给定整数N。任务是编写程序以查找给定数字的奇偶校验。
注意:数字奇偶校验用于定义数字中的置位总数(二进制表示形式为1位)是偶数还是奇数。如果一个数字的二进制表示形式中的置位总数为偶数,则该数字被称为具有偶数奇偶校验,否则,它将具有奇数奇偶校验。
例子:
Input : N = 13
Output : Odd Parity
Explanation:
Binary representation of 13 is (1101)
Input : N = 9 (1001)
Output : Even Parity
通过执行以下操作,可以有效地计算由32位表示的数字的奇偶校验。
假设给定数字为x,然后执行以下操作:
- y = x ^(x >> 1)
- y = y ^(y >> 2)
- y = y ^(y >> 4)
- y = y ^(y >> 8)
- y = y ^(y >> 16)
现在,y中最右边的位将表示x的奇偶校验。

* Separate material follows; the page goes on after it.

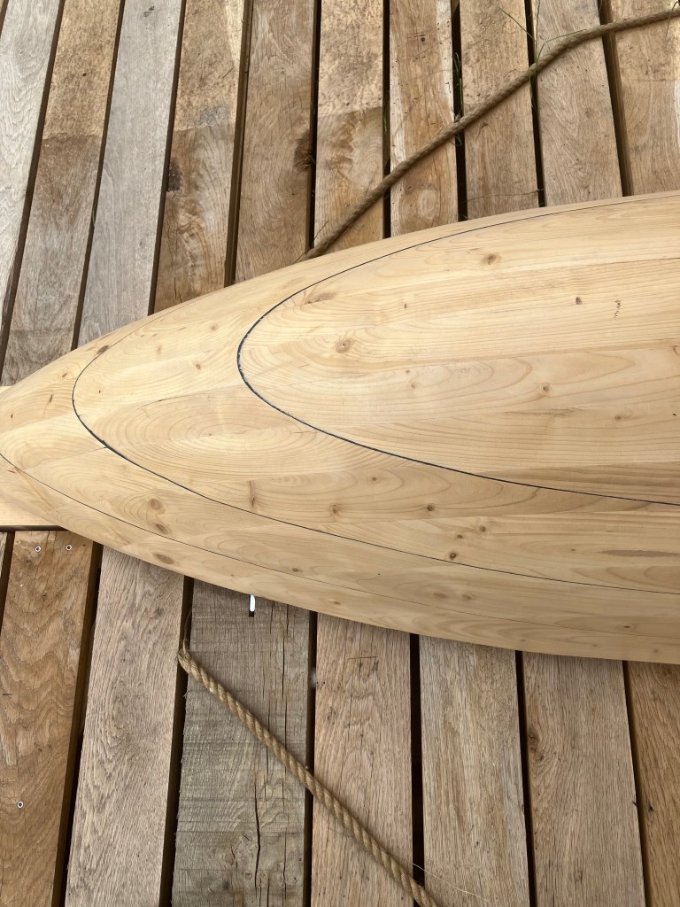 Matériaux? Surtout du bois , beaucoup de bambou , mais aussi de la paille , des voiles recyclées , du lycra , du métal , de la pierre volcanique pour l’école de Clermont -Ferrand , du carbone ,du liège .

如果最右边的位是1,则x将具有奇数奇偶校验,如果它是0,则x将具有偶数奇偶校验。
因此,为了提取y的最后一位,请对y与1进行按位与运算。
为什么这样做?
Consider that we want to find the parity of n = 150 = 1001 0110 (in binary).

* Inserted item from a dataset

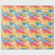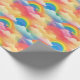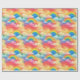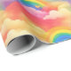 Bright and colourful patterns feature rainbows arching over fluffy clouds against a vibrant sky. The repeated motif creates a whimsical and cheerful backdrop.

1. Let’s divide this number into two parts and xor them and assign it to n: n = n ^ (n >> 4) = 1001 ^ 0110 = 1111.
Dissimilar bits result in a 1 bit in the result while similar bits result in a 0. We have basically considered all 8 bits to arrive at this intermediate result. So, effectively we have nullified even parities within the number.
Now repeat step 1 again until you end up with a single bit.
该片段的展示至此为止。